== Try it ==
Transcribe the entries below exactly, starting with the line that has "multi colored georgette" and stopping after the line that has "Nachdem eine 1874"; no pictures belong in the copy.
··· Data under study
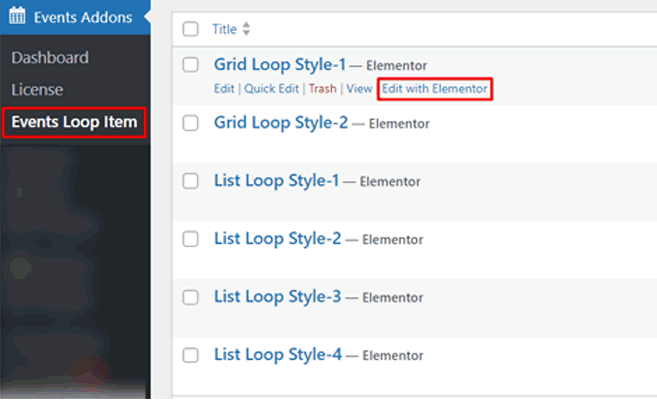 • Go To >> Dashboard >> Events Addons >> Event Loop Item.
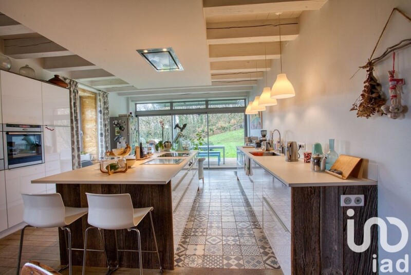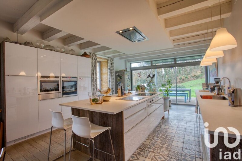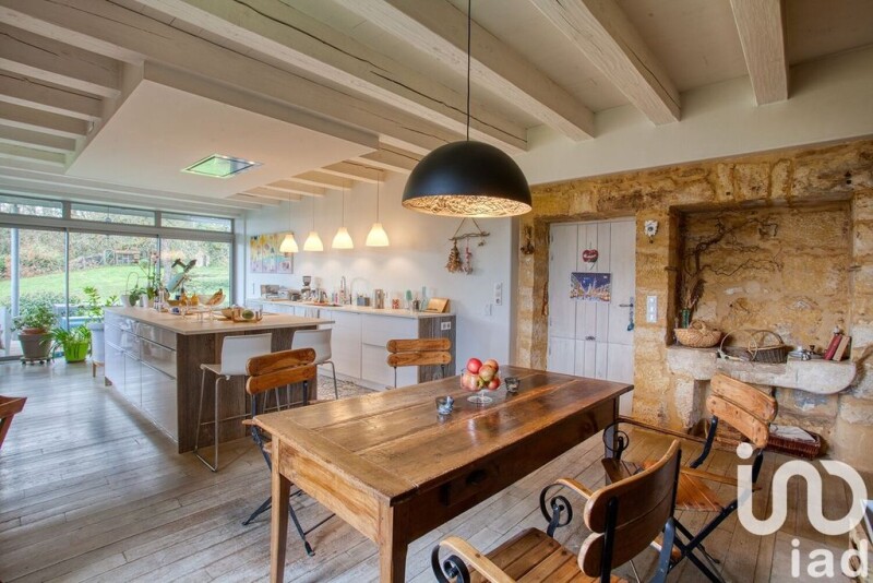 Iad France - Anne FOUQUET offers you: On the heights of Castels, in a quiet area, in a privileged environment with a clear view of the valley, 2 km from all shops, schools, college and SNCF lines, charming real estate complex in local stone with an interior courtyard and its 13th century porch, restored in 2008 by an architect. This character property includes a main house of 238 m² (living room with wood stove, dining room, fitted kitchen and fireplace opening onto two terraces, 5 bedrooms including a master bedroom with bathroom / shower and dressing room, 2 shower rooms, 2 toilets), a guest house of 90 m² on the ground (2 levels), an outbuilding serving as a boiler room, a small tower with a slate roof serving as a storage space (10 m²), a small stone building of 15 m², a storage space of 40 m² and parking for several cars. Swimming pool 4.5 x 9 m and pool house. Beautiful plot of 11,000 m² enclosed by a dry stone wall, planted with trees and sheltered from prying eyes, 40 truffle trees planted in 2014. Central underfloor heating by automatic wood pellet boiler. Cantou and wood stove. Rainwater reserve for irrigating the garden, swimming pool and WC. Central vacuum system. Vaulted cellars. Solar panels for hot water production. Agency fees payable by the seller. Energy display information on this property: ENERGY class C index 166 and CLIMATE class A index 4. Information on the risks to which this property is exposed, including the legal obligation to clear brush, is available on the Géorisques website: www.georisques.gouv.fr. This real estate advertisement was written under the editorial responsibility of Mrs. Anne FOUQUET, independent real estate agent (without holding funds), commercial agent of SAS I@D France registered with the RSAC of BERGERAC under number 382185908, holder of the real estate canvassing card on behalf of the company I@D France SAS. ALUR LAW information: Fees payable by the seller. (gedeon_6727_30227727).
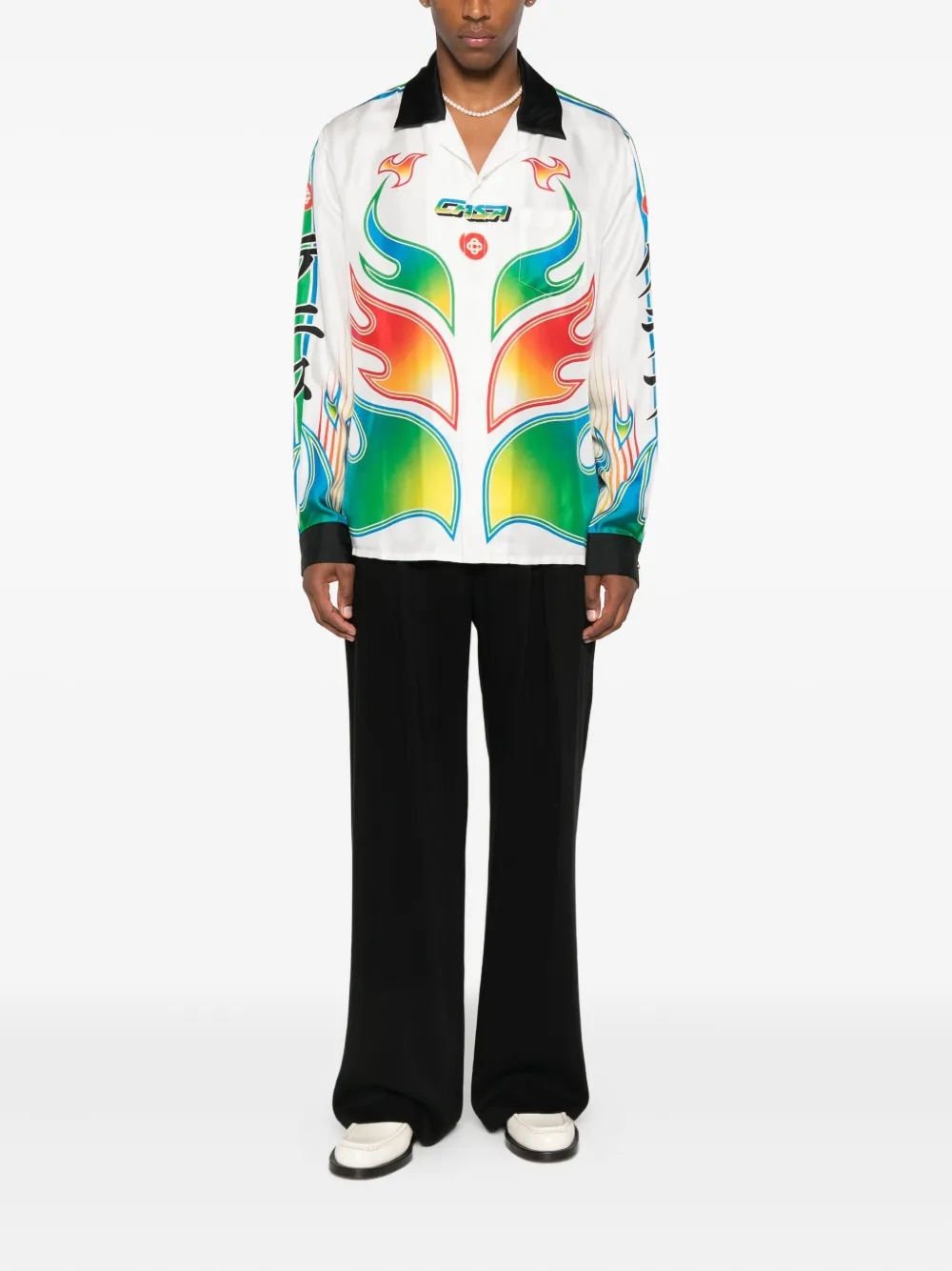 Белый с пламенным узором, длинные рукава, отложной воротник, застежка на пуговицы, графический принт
······
··· Data under study
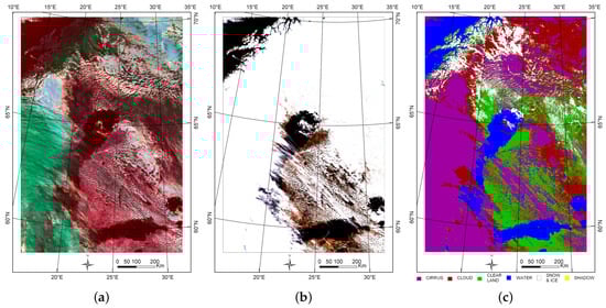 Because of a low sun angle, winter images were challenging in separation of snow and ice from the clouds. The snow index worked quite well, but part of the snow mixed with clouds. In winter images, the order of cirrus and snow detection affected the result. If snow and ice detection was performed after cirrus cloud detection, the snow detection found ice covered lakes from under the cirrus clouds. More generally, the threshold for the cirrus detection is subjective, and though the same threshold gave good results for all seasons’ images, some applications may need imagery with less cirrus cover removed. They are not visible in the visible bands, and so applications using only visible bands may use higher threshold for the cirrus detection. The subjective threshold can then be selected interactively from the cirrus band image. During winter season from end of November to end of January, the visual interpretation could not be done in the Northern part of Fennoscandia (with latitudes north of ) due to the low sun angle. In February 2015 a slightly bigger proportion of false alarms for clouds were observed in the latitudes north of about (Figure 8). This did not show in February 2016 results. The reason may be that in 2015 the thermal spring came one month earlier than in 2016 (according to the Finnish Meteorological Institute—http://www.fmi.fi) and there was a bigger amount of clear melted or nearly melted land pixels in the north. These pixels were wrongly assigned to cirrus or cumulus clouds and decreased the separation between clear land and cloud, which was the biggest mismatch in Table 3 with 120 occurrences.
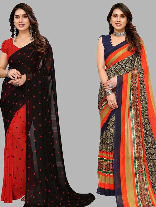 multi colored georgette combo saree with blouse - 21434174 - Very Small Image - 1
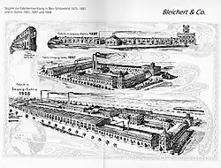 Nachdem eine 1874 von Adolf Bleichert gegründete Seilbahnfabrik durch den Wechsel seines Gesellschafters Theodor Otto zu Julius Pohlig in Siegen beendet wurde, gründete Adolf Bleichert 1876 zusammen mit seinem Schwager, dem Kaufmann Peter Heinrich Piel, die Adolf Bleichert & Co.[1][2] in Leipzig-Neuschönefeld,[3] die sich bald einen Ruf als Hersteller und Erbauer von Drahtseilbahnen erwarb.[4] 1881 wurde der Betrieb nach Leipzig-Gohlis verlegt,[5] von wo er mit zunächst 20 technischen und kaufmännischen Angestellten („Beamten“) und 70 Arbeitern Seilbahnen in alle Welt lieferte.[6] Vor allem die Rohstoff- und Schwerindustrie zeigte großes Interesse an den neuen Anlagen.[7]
······
··· Data under study
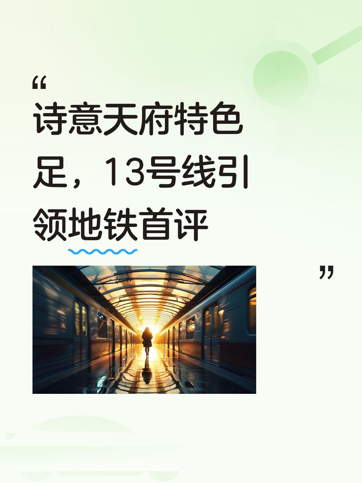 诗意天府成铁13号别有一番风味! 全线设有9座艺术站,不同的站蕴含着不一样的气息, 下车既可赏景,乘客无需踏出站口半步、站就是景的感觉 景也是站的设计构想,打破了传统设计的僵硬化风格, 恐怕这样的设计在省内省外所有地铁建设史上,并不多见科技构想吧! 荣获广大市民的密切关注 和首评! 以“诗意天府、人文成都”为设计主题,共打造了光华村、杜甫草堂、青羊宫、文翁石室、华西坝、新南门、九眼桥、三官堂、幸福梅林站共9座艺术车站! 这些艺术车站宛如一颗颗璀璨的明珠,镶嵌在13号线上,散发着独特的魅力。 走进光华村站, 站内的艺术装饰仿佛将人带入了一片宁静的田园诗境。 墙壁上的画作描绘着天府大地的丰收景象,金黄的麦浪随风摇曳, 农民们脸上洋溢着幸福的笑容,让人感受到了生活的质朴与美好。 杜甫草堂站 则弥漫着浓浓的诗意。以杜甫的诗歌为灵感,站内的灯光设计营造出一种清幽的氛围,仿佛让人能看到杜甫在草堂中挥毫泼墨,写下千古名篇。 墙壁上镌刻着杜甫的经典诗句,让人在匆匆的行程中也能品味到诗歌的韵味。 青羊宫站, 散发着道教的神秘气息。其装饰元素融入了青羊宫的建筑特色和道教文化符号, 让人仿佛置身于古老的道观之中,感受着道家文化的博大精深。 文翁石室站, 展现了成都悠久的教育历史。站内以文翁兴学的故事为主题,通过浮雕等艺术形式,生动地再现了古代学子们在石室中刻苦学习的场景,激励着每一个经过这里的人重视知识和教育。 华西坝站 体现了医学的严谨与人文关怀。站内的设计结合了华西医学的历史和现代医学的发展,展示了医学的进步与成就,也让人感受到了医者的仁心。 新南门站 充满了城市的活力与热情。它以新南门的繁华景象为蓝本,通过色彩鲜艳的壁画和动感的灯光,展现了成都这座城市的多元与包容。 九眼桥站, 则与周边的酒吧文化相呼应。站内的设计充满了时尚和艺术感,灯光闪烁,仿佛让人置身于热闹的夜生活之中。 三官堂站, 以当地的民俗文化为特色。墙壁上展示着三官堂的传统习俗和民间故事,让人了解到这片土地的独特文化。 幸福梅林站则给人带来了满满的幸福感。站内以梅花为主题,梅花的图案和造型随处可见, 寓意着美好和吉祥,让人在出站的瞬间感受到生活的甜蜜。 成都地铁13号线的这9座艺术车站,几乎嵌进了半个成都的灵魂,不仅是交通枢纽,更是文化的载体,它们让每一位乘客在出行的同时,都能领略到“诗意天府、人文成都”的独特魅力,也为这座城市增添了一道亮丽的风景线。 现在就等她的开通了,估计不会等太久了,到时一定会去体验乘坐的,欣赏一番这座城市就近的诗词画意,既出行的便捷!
······
== Worked solution ==
 multi colored georgette combo saree with blouse - 21434174 - Very Small Image - 1
 Nachdem eine 1874 von Adolf Bleichert gegründete Seilbahnfabrik durch den Wechsel seines Gesellschafters Theodor Otto zu Julius Pohlig in Siegen beendet wurde, gründete Adolf Bleichert 1876 zusammen mit seinem Schwager, dem Kaufmann Peter Heinrich Piel, die Adolf Bleichert & Co.[1][2] in Leipzig-Neuschönefeld,[3] die sich bald einen Ruf als Hersteller und Erbauer von Drahtseilbahnen erwarb.[4] 1881 wurde der Betrieb nach Leipzig-Gohlis verlegt,[5] von wo er mit zunächst 20 technischen und kaufmännischen Angestellten („Beamten“) und 70 Arbeitern Seilbahnen in alle Welt lieferte.[6] Vor allem die Rohstoff- und Schwerindustrie zeigte großes Interesse an den neuen Anlagen.[7]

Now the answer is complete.